[sustran] Hacking Sustainability: Part 1

eric britton eric.britton at ecoplan.org
Sun Jun 17 19:57:40 JST 2012


Where can we find this app?

The idea is familiar: i.e., making use of the smart phone with GPS in our pocket, and putting it to work to help us calibrate and understand a range of interconnected variables related to our mobility choices. Both (a) as the now more familiar on-line information system that can help us make better travel choices, and, less well known, (b) as a feedback system which will permit us to understand the key implications of those specific choices. Including where we travel, when and how -- and as a result the health, economics and environmental impacts of our choices, and if possible both personal and collective.  Think of such an app as a healthy mobility feedback kit in our pocket. 

There are of course literally thousands of transport apps out there today of various intentions and quality, a number of them really excellent.  But where are the ones that also provide user feedback and decision criteria on (a) those specific mobility choices and (b) their impacts on health, environment, economics?
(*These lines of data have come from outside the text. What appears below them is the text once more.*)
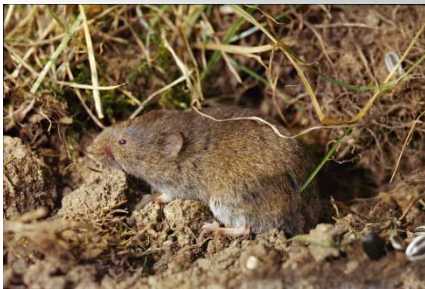
Campagnol souterrain, Microtus subterraneus

Rongeur strictement herbivore, vivant dans les sols très profonds et plutôt humides. Il n'est pas considéré comme « nuisible agricole », de ce fait il a été très peu étudié. Son mode de vie souterrain explique pourquoi on le retrouve peu dans les pelotes, ses sorties sont dépendantes de la ressource en nourriture sous terre et du couvert végétal.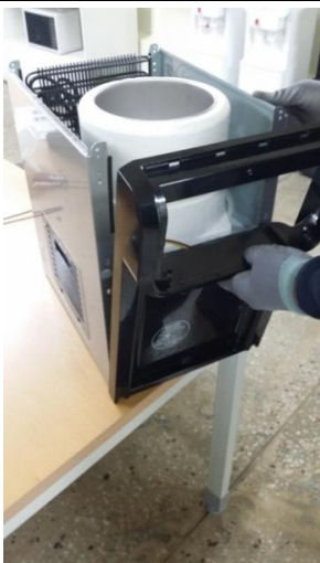
12) 前パネルを取り外します。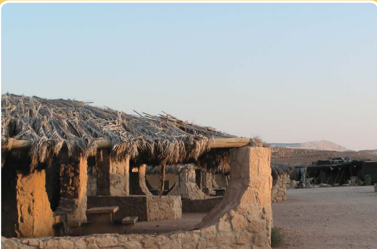
חינון בארות, מכתש רמון

הפקח, בידיעה כי גם קבוצה זו תצבור חוויות רבות שייזכרו לשנים רבות. אגב, בלילה ההוא, ברמת חבר, הפקח אמנם לא פגש את הקבוצה, אבל זכה לביקור מכובד של זוג עופות "רץ המדבר" עם גוזליו, "רחם" אחד שחלף ממעל, אורחת גמלים, ואפילו עקרב צהוב אחד שביקש להזכיר לנו איך יש להתנהג בטבע ומי כאן האדון... ❁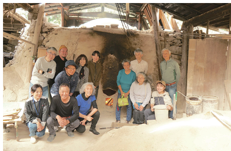
紀州備長炭窯元小守さん窯場にて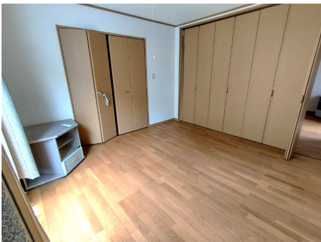
2階 洋室 8帖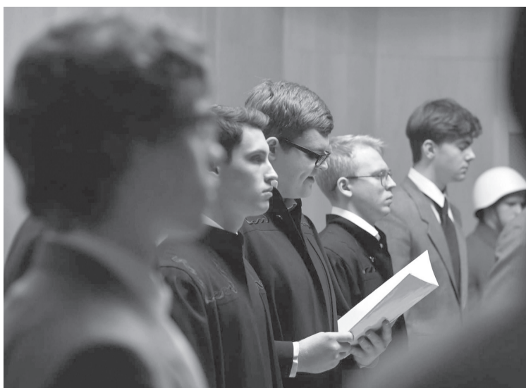
■ Судебный процесс в Нюрнберге длился на протяжении 10 месяцев

Does such an app exist, and if so please share your information with us so that we all can have a look and learn from good examples?

For starters and to do the full job, these apps would have to provide the more usual functions of the full range of mobility choices open to each of us, in that place and at that time: both the phone and database know who you are, your location, and to a certain extent your historic transport preferences. On that base you then tap in your desired destination, desired time or conditions of transit (either right now or scheduled at some future time as you prefer). Your app will then present what it guesses are your likely preferences stacked and presented to you in the order that the database knows you usually prefer -- as well as the by now pretty usual range of information on likely time in transit, CO2 impacts, etc., etc. Handy stuff and pretty well served by many apps already out there doing the job in different places.  

Again we open up this kind of tool and use it not because we HAVE to -- but because we figure it is in our interest to do so. And of course once we get the habit, we just do it without really thinking about it. And in the process we have moved up the effectiveness scale from active to passive reactions, the latter being far more powerful.  Just the kind of thing that is needed to get on the path to sustainability.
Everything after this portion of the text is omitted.